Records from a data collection
────────────────────────────────────────

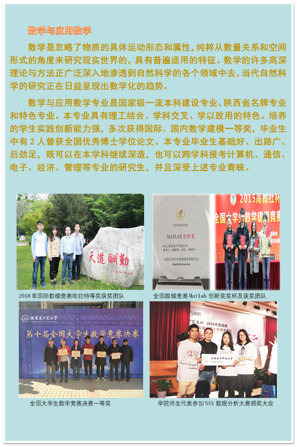公司秉持“教学奠基、学科立院、科研兴院、人才强院”的办学理念,以建设海内外知名的特色鲜明学科为目标,公司坚持教学科研并重,注重跨学科交叉研究,着力加强国际化和信息化建设,各项工作取得了长足发展。近三年,在国际数学顶级期刊Advances in Mathematics 发表长文;发表SCI论文339篇,其中一区论文12篇,二区论文99篇;2019年度入选ESI 高引论文8篇,入选年度中国百篇最具影响国内学术论文1篇,获得陕西省科学技术一等奖3项、西安市科学技术二等奖1项、陕西青年科技奖3项 、吴文俊人工智能优秀青年奖1项、陕西省高校科技一等奖2项。公司负责全校本、硕、博数学公共课教学和数学建模教育与竞赛培训工作。现有国家级教学团队1个、省级教学团队2个,国家精品资源课程2门、陕西省精品资源课程4门,出版国家级规划教材2部,先后获得国家级教学成果奖3项、省级教学成果10多项。指导员工参加数模竞赛,共获国际及国家级奖励300余项,包括国际数模竞赛Leonhard Euler Award 冠名特等奖1项、国际数模竞赛特等奖3项,全国数模竞赛 MATLAB 创新奖1项,获奖层次和数量在全国高校中位居前列。
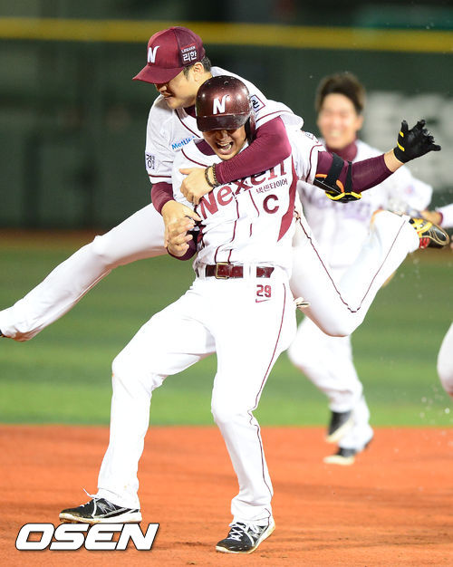 8일 오후 서울 목동구장에서 열린 '2013 한국야쿠르트 세븐 프로야구' 포스트시즌 넥센 히어로즈와 두산 베어스의 준플레이오프 1차전 경기 9회말 2사 2,3루 이택근이 끝내기 안타를 치고 환호하며 손승락과 기뻐하고 있다.
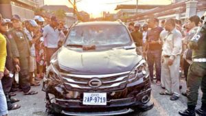 មនុស្សចោមរោមរថយន្ត ដែលត្រូវគេចោទថា បានបង្កគ្រោះថ្នាក់ចរាចរណ៍លើអ្នកជិះម៉ូតូម្នាក់កាលពីថ្ងៃទី ១១ ខែមីនាកន្លងទៅនេះ។ រូបថត ហ្វ្រេសញូ
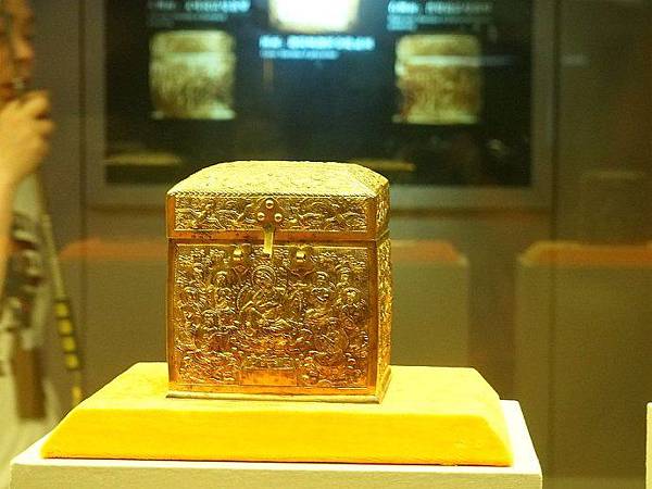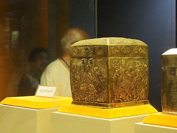 從地宮發掘了四枚佛指骨舍利,一枚置於嘉陵頻伽紋壺門座銀棺中,一枚置於雙鳳寶蓋紋銀棺中,還有一枚置於唐懿宗供奉的八重寶函中。這是套裝的八重寶函,從裏向外第一重是寶珠頂單簷四門純金塔,塔庭銀柱上套置佛骨舍利。發掘的真身舍利“秘藏”于一普通的鐵函裏。打開鐵函,裏邊是盝頂銀函,上有45尊造像和“奉為皇帝敬造釋迦牟尼佛真身寶函“的鏨刻,再裏層是銀包角檀香木函,木函內放置著一具嵌寶水晶槨,真身佛指就安放在槨內的壺門座玉棺中。地宮出土的佛指舍利,是世界上目前經過考古科學發掘,有文獻和碑文證實的釋迦牟尼真身舍利,是當今佛教界的最高聖物。
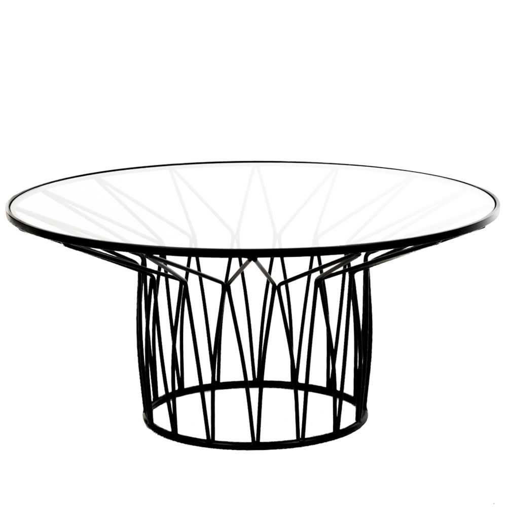 Τραπέζι μεταλλικό μαύρο στρόγγυλο με γυάλινη επιφάνεια 85χ85 40εκ.υψος.
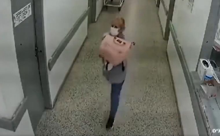 En las imágenes del propio hospital se observa a la mujer que ingresa a una habitación y luego escapa corriendo con el recién nacido en brazos y con barbijo puesto, con la idea de evitar ser reconocida.
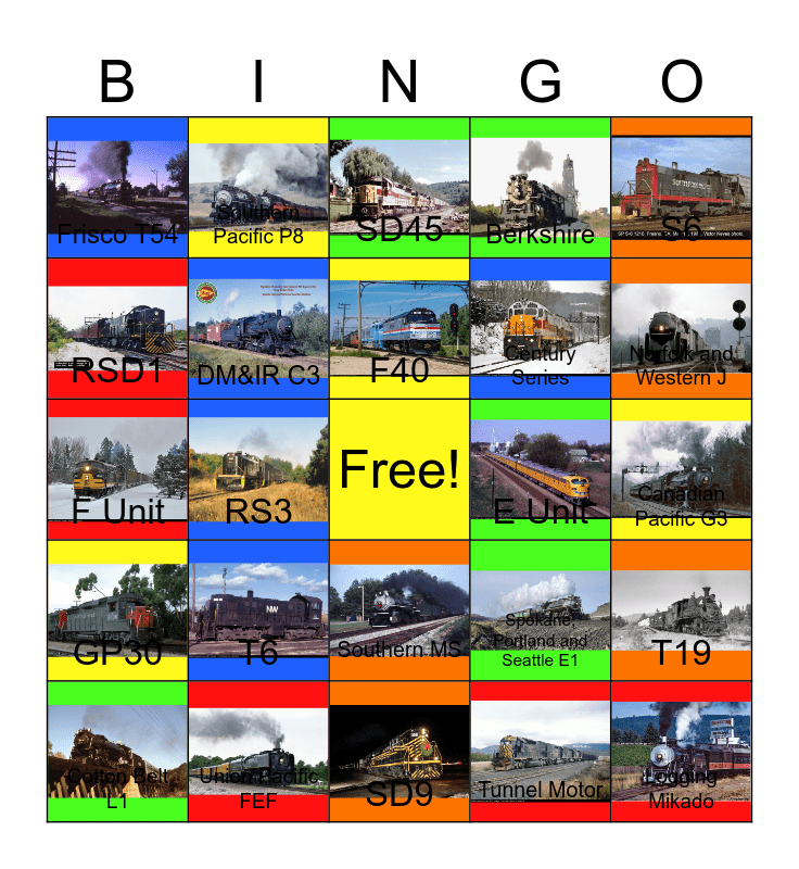 This bingo card has 24 images, a free space and 24 words: T6, Union Pacific FEF, F40, Cotton Belt L1, S6, Frisco T54, RSD1, Southern Pacific P8, E Unit, Southern MS, Century Series, F Unit, Spokane, Portland and Seattle E1, T19, DM&IR C3, Tunnel Motor, Canadian Pacific G3, SD45, Norfolk and Western J, RS3, Logging Mikado, GP30, Berkshire and SD9.
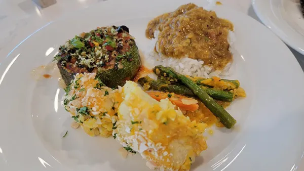 For lunch, we joined friends from our group and went to Oceanview Cafe, the onboard buffet venue. I was absolutely blown away by the quality and breadth of options. It seemed Celebrity brought their A-game to this restaurant today. By coincidence, until dessert, I ended up having a fully vegan meal. Garbanzo-stuffed zucchini, vegetables au gratin, and dal were the high-points. The dal was perhaps the spiciest thing I’d had from a cruise ship buffet - and I was thrilled with it.
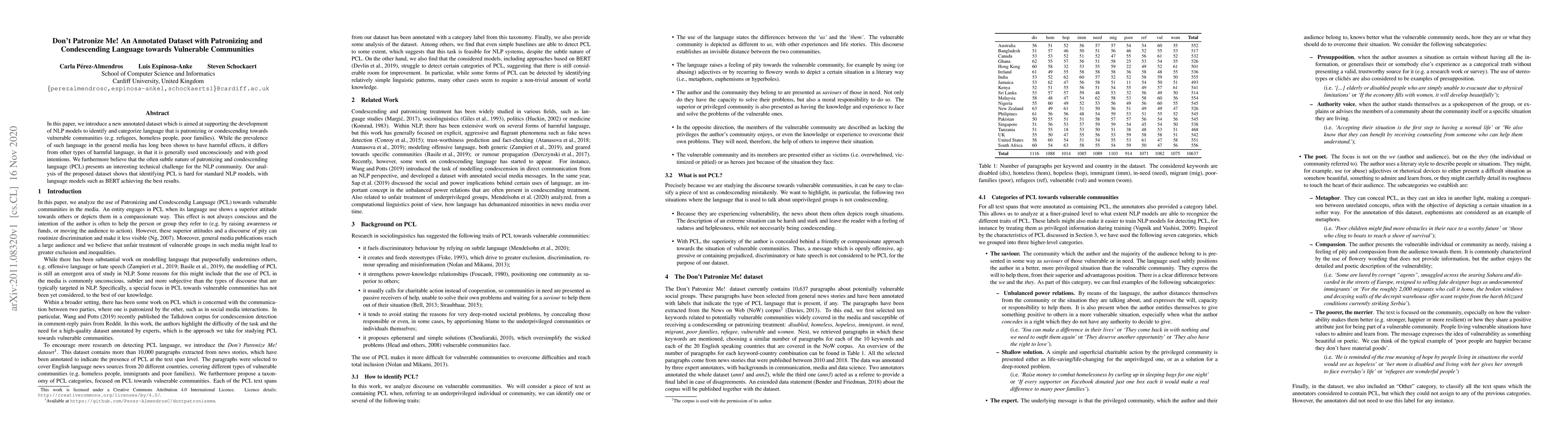 This paper presents an annotated dataset for identifying patronizing and condescending language towards vulnerable communities, aiming to support NLP model development. The analysis reveals that standard NLP models struggle with this task, but language models like BERT show promising results.
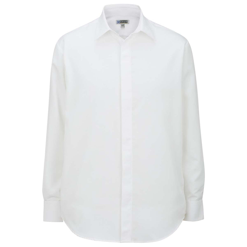 Create a custom updated look with the Edwards Men's White Batiste Cafe Shirt in a range of classic colors. Offering a modern fit in an understated style, this 100% polyester shirt is perfect for those who need employee apparel that demonstrates professionalism. Add a corporate embroidery to the long sleeve button up with chest pocket and narrow collar with hidden placket. Ideal for layering with a suit jacket as part of corporate uniforms the shirt is wrinkle resistant, offers soil release, and moisture wicking. Your custom logo will look beautiful on these shirts that offer the ability to be paired with jeans, slacks, or almost any type of attire you can imagine.Highlights
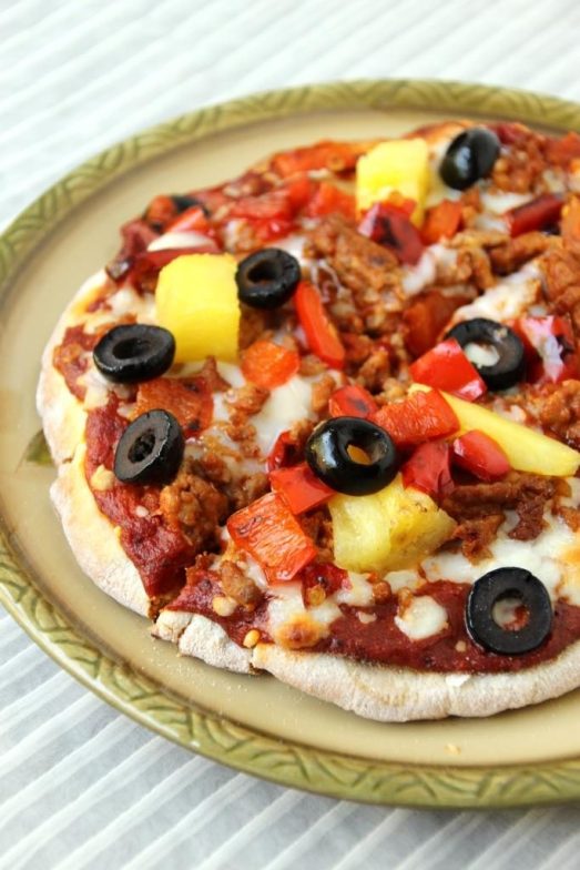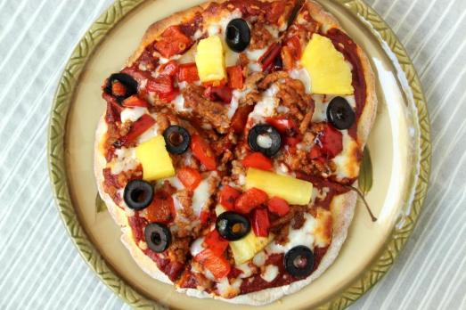I pre-baked the crust to make it a little sturdier for storage, then topped them all with my favorite mix of meat, produce, and cheese. I am one of those people who likes fruits on their pizza, so sorry (not sorry) in advance if my pineapple and mandarins repulse you. I made one that evening, then froze the remaining five before wrapping in plastic wrap and sealing in Ziplocs to try another day.
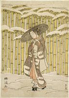 Suzuki Harunobu (1725 - 1770) was een vooraanstaande 18e eeuwse Japanse houtsnijkunstenaar die bekend staat om zijn belangrijke bijdragen aan de ukiyo-e kunst. Hij wordt vaak beschouwd als een van de pioniers van de kleurrijke houtsnede. Harunobu onderscheidde zich door zijn delicate en elegante afbeeldingen van schoonheden, alledaagse taferelen en natuurmotieven. Hij speelde een belangrijke rol in de ontwikkeling van de ukiyo-e stijl en hielp bij het perfectioneren van de technieken van meerkleurendruk. Harunobu's werken weerspiegelen de verfijnde esthetiek en het culturele leven van de late Edo-periode in Japan en zijn nu zeer gewaardeerde kunstwerken die zijn artistieke gevoeligheid en vaardigheid laten zien.
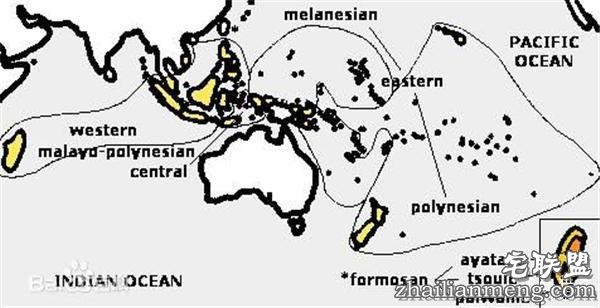 这里介绍一下南岛语系,这是一个主要分布在岛屿上的语系,包括1200种以上的语言。其分布东达南美洲西方的复活节岛,西到东非洲外海的马达加斯加岛,南达新西兰,台湾则是该语系分布的最北端。
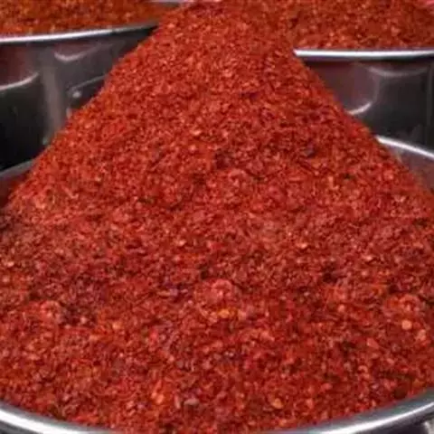 8.另准备少许蒜末,撒入盆中,油锅另备油,放入折断的干辣椒,下火炸至红棕色出香味,将辣椒油浇在蒜末上,顿时香味四溢。
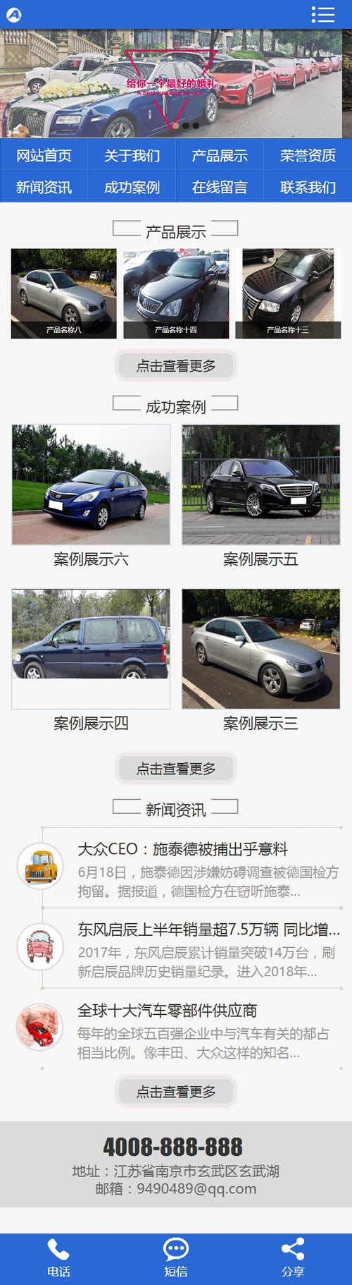 (带手机版数据同步)汽车租赁贸易类织梦模板 租车婚车租赁网站源码下载这款模板使用范围极广,不仅仅局限于一类型的企业,你只需要把图片和产品内容更换下,适用于任何行业。本套织梦模板采用现在非常流行的全屏自适应布局设计,且栏目列表以简洁,非常时尚大气。页面根据分辨率大小而自动排版,很大程度上改善了页面宽度兼容问题,适应大部分显示器分辨率尺寸哦。模板整体以多种颜色为主色调,适合做各种类型的网站。同一个后台管理三网合一简单方便,体验极佳

────────────────────────────────────────

What is needed
Letter for letter, reproduce every record above and skip the pictures.

Written response
公司秉持“教学奠基、学科立院、科研兴院、人才强院”的办学理念,以建设海内外知名的特色鲜明学科为目标,公司坚持教学科研并重,注重跨学科交叉研究,着力加强国际化和信息化建设,各项工作取得了长足发展。近三年,在国际数学顶级期刊Advances in Mathematics 发表长文;发表SCI论文339篇,其中一区论文12篇,二区论文99篇;2019年度入选ESI 高引论文8篇,入选年度中国百篇最具影响国内学术论文1篇,获得陕西省科学技术一等奖3项、西安市科学技术二等奖1项、陕西青年科技奖3项 、吴文俊人工智能优秀青年奖1项、陕西省高校科技一等奖2项。公司负责全校本、硕、博数学公共课教学和数学建模教育与竞赛培训工作。现有国家级教学团队1个、省级教学团队2个,国家精品资源课程2门、陕西省精品资源课程4门,出版国家级规划教材2部,先后获得国家级教学成果奖3项、省级教学成果10多项。指导员工参加数模竞赛,共获国际及国家级奖励300余项,包括国际数模竞赛Leonhard Euler Award 冠名特等奖1项、国际数模竞赛特等奖3项,全国数模竞赛 MATLAB 创新奖1项,获奖层次和数量在全国高校中位居前列。
 8일 오후 서울 목동구장에서 열린 '2013 한국야쿠르트 세븐 프로야구' 포스트시즌 넥센 히어로즈와 두산 베어스의 준플레이오프 1차전 경기 9회말 2사 2,3루 이택근이 끝내기 안타를 치고 환호하며 손승락과 기뻐하고 있다.
 មនុស្សចោមរោមរថយន្ត ដែលត្រូវគេចោទថា បានបង្កគ្រោះថ្នាក់ចរាចរណ៍លើអ្នកជិះម៉ូតូម្នាក់កាលពីថ្ងៃទី ១១ ខែមីនាកន្លងទៅនេះ។ រូបថត ហ្វ្រេសញូ
 從地宮發掘了四枚佛指骨舍利,一枚置於嘉陵頻伽紋壺門座銀棺中,一枚置於雙鳳寶蓋紋銀棺中,還有一枚置於唐懿宗供奉的八重寶函中。這是套裝的八重寶函,從裏向外第一重是寶珠頂單簷四門純金塔,塔庭銀柱上套置佛骨舍利。發掘的真身舍利“秘藏”于一普通的鐵函裏。打開鐵函,裏邊是盝頂銀函,上有45尊造像和“奉為皇帝敬造釋迦牟尼佛真身寶函“的鏨刻,再裏層是銀包角檀香木函,木函內放置著一具嵌寶水晶槨,真身佛指就安放在槨內的壺門座玉棺中。地宮出土的佛指舍利,是世界上目前經過考古科學發掘,有文獻和碑文證實的釋迦牟尼真身舍利,是當今佛教界的最高聖物。
 Τραπέζι μεταλλικό μαύρο στρόγγυλο με γυάλινη επιφάνεια 85χ85 40εκ.υψος.
 En las imágenes del propio hospital se observa a la mujer que ingresa a una habitación y luego escapa corriendo con el recién nacido en brazos y con barbijo puesto, con la idea de evitar ser reconocida.
 This bingo card has 24 images, a free space and 24 words: T6, Union Pacific FEF, F40, Cotton Belt L1, S6, Frisco T54, RSD1, Southern Pacific P8, E Unit, Southern MS, Century Series, F Unit, Spokane, Portland and Seattle E1, T19, DM&IR C3, Tunnel Motor, Canadian Pacific G3, SD45, Norfolk and Western J, RS3, Logging Mikado, GP30, Berkshire and SD9.
 For lunch, we joined friends from our group and went to Oceanview Cafe, the onboard buffet venue. I was absolutely blown away by the quality and breadth of options. It seemed Celebrity brought their A-game to this restaurant today. By coincidence, until dessert, I ended up having a fully vegan meal. Garbanzo-stuffed zucchini, vegetables au gratin, and dal were the high-points. The dal was perhaps the spiciest thing I’d had from a cruise ship buffet - and I was thrilled with it.
 This paper presents an annotated dataset for identifying patronizing and condescending language towards vulnerable communities, aiming to support NLP model development. The analysis reveals that standard NLP models struggle with this task, but language models like BERT show promising results.
 Create a custom updated look with the Edwards Men's White Batiste Cafe Shirt in a range of classic colors. Offering a modern fit in an understated style, this 100% polyester shirt is perfect for those who need employee apparel that demonstrates professionalism. Add a corporate embroidery to the long sleeve button up with chest pocket and narrow collar with hidden placket. Ideal for layering with a suit jacket as part of corporate uniforms the shirt is wrinkle resistant, offers soil release, and moisture wicking. Your custom logo will look beautiful on these shirts that offer the ability to be paired with jeans, slacks, or almost any type of attire you can imagine.Highlights
I pre-baked the crust to make it a little sturdier for storage, then topped them all with my favorite mix of meat, produce, and cheese. I am one of those people who likes fruits on their pizza, so sorry (not sorry) in advance if my pineapple and mandarins repulse you. I made one that evening, then froze the remaining five before wrapping in plastic wrap and sealing in Ziplocs to try another day.
 Suzuki Harunobu (1725 - 1770) was een vooraanstaande 18e eeuwse Japanse houtsnijkunstenaar die bekend staat om zijn belangrijke bijdragen aan de ukiyo-e kunst. Hij wordt vaak beschouwd als een van de pioniers van de kleurrijke houtsnede. Harunobu onderscheidde zich door zijn delicate en elegante afbeeldingen van schoonheden, alledaagse taferelen en natuurmotieven. Hij speelde een belangrijke rol in de ontwikkeling van de ukiyo-e stijl en hielp bij het perfectioneren van de technieken van meerkleurendruk. Harunobu's werken weerspiegelen de verfijnde esthetiek en het culturele leven van de late Edo-periode in Japan en zijn nu zeer gewaardeerde kunstwerken die zijn artistieke gevoeligheid en vaardigheid laten zien.
 这里介绍一下南岛语系,这是一个主要分布在岛屿上的语系,包括1200种以上的语言。其分布东达南美洲西方的复活节岛,西到东非洲外海的马达加斯加岛,南达新西兰,台湾则是该语系分布的最北端。
 8.另准备少许蒜末,撒入盆中,油锅另备油,放入折断的干辣椒,下火炸至红棕色出香味,将辣椒油浇在蒜末上,顿时香味四溢。
 (带手机版数据同步)汽车租赁贸易类织梦模板 租车婚车租赁网站源码下载这款模板使用范围极广,不仅仅局限于一类型的企业,你只需要把图片和产品内容更换下,适用于任何行业。本套织梦模板采用现在非常流行的全屏自适应布局设计,且栏目列表以简洁,非常时尚大气。页面根据分辨率大小而自动排版,很大程度上改善了页面宽度兼容问题,适应大部分显示器分辨率尺寸哦。模板整体以多种颜色为主色调,适合做各种类型的网站。同一个后台管理三网合一简单方便,体验极佳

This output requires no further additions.